[DATA BLOCK — start]

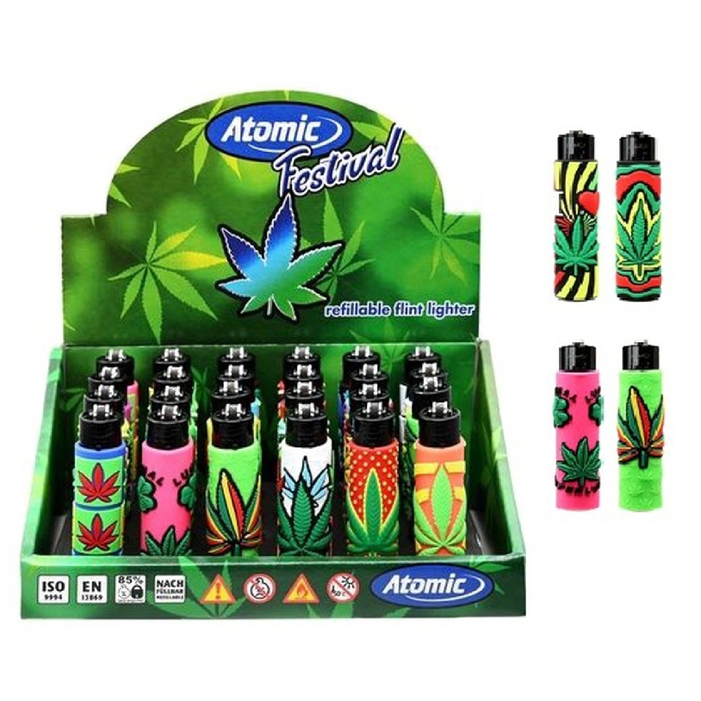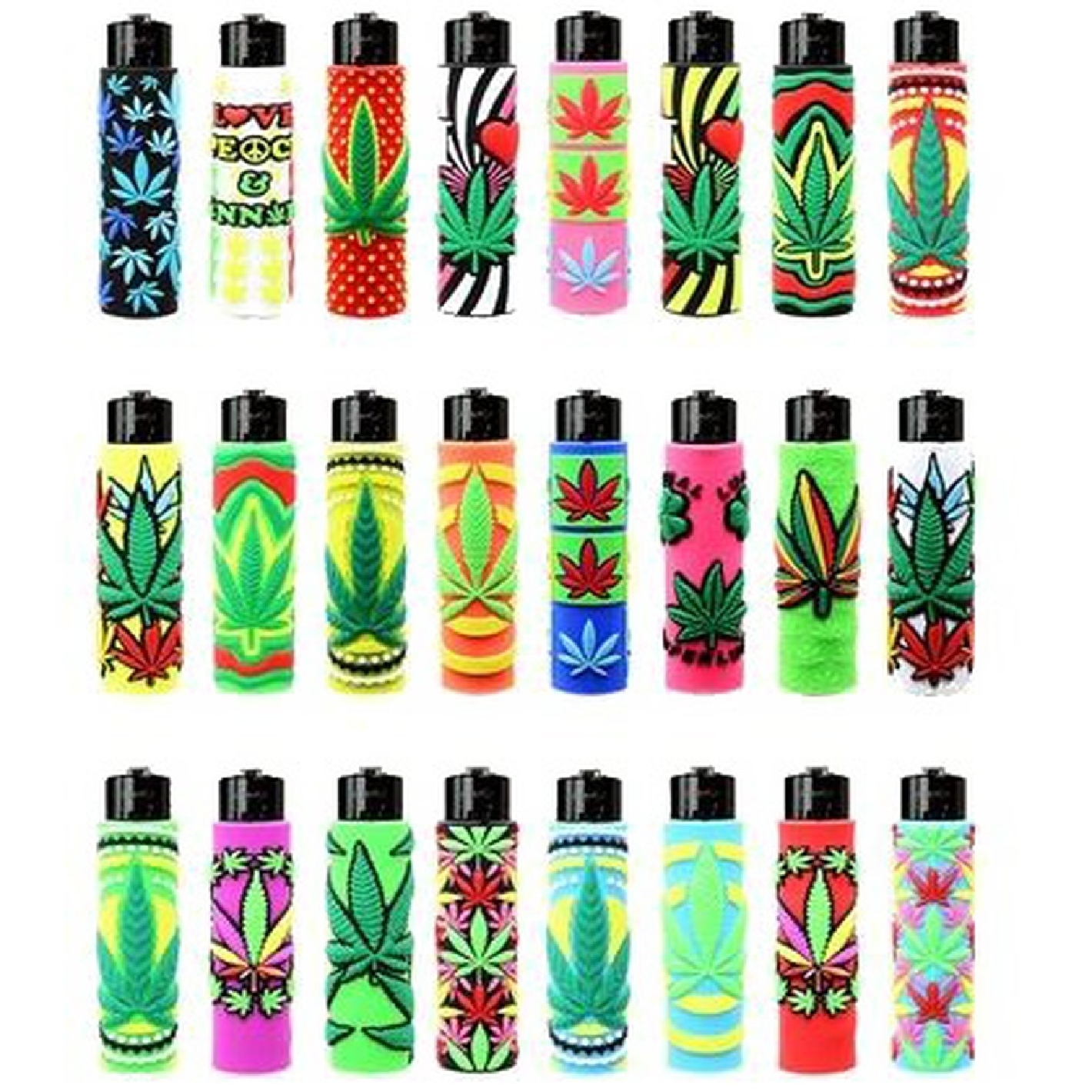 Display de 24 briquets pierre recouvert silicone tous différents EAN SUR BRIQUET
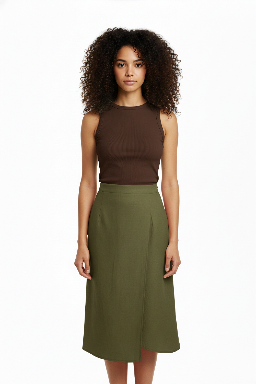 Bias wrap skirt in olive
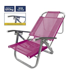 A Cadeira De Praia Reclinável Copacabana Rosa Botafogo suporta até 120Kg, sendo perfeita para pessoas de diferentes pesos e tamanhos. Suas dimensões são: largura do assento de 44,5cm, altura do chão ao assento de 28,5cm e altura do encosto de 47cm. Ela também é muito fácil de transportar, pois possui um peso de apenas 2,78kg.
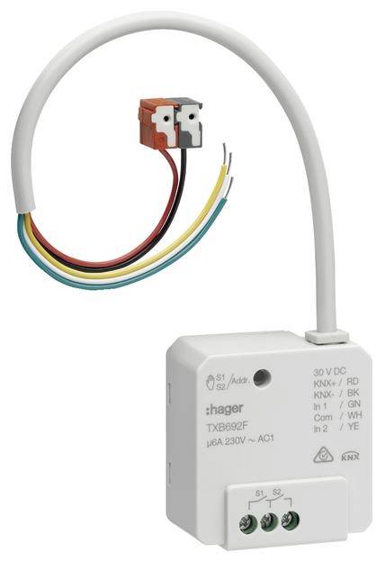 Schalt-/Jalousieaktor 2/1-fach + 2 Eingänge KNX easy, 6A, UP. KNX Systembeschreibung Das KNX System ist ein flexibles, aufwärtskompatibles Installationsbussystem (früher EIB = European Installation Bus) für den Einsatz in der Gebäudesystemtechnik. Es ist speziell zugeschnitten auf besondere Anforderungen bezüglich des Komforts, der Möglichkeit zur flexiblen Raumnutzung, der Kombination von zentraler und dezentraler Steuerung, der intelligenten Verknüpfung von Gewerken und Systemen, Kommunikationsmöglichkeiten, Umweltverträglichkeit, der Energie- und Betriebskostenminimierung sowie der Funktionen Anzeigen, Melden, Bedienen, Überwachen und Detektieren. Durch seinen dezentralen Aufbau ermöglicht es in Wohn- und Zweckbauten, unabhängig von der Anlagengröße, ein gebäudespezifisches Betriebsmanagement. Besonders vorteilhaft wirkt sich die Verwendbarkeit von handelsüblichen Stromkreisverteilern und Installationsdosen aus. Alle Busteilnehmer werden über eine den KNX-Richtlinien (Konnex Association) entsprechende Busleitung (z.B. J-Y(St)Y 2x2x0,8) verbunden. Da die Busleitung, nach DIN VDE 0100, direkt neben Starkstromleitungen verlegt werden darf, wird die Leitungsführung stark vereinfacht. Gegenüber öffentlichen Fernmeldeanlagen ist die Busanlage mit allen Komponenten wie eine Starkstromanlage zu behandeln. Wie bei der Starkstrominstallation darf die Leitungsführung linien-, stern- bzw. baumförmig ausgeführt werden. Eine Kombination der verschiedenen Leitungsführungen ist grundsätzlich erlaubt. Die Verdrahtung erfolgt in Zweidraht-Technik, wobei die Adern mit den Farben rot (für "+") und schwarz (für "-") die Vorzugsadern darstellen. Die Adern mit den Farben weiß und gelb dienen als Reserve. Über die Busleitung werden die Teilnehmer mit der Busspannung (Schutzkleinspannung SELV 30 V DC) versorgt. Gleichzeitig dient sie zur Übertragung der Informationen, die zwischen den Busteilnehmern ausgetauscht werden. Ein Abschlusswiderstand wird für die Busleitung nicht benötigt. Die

[DATA BLOCK — finish]

## WHAT YOU NEED TO DO:
Using the data above, write out every line exactly, leaving the images behind.

## ANSWER BELOW:
 Display de 24 briquets pierre recouvert silicone tous différents EAN SUR BRIQUET
 Bias wrap skirt in olive
 A Cadeira De Praia Reclinável Copacabana Rosa Botafogo suporta até 120Kg, sendo perfeita para pessoas de diferentes pesos e tamanhos. Suas dimensões são: largura do assento de 44,5cm, altura do chão ao assento de 28,5cm e altura do encosto de 47cm. Ela também é muito fácil de transportar, pois possui um peso de apenas 2,78kg.
 Schalt-/Jalousieaktor 2/1-fach + 2 Eingänge KNX easy, 6A, UP. KNX Systembeschreibung Das KNX System ist ein flexibles, aufwärtskompatibles Installationsbussystem (früher EIB = European Installation Bus) für den Einsatz in der Gebäudesystemtechnik. Es ist speziell zugeschnitten auf besondere Anforderungen bezüglich des Komforts, der Möglichkeit zur flexiblen Raumnutzung, der Kombination von zentraler und dezentraler Steuerung, der intelligenten Verknüpfung von Gewerken und Systemen, Kommunikationsmöglichkeiten, Umweltverträglichkeit, der Energie- und Betriebskostenminimierung sowie der Funktionen Anzeigen, Melden, Bedienen, Überwachen und Detektieren. Durch seinen dezentralen Aufbau ermöglicht es in Wohn- und Zweckbauten, unabhängig von der Anlagengröße, ein gebäudespezifisches Betriebsmanagement. Besonders vorteilhaft wirkt sich die Verwendbarkeit von handelsüblichen Stromkreisverteilern und Installationsdosen aus. Alle Busteilnehmer werden über eine den KNX-Richtlinien (Konnex Association) entsprechende Busleitung (z.B. J-Y(St)Y 2x2x0,8) verbunden. Da die Busleitung, nach DIN VDE 0100, direkt neben Starkstromleitungen verlegt werden darf, wird die Leitungsführung stark vereinfacht. Gegenüber öffentlichen Fernmeldeanlagen ist die Busanlage mit allen Komponenten wie eine Starkstromanlage zu behandeln. Wie bei der Starkstrominstallation darf die Leitungsführung linien-, stern- bzw. baumförmig ausgeführt werden. Eine Kombination der verschiedenen Leitungsführungen ist grundsätzlich erlaubt. Die Verdrahtung erfolgt in Zweidraht-Technik, wobei die Adern mit den Farben rot (für "+") und schwarz (für "-") die Vorzugsadern darstellen. Die Adern mit den Farben weiß und gelb dienen als Reserve. Über die Busleitung werden die Teilnehmer mit der Busspannung (Schutzkleinspannung SELV 30 V DC) versorgt. Gleichzeitig dient sie zur Übertragung der Informationen, die zwischen den Busteilnehmern ausgetauscht werden. Ein Abschlusswiderstand wird für die Busleitung nicht benötigt. Die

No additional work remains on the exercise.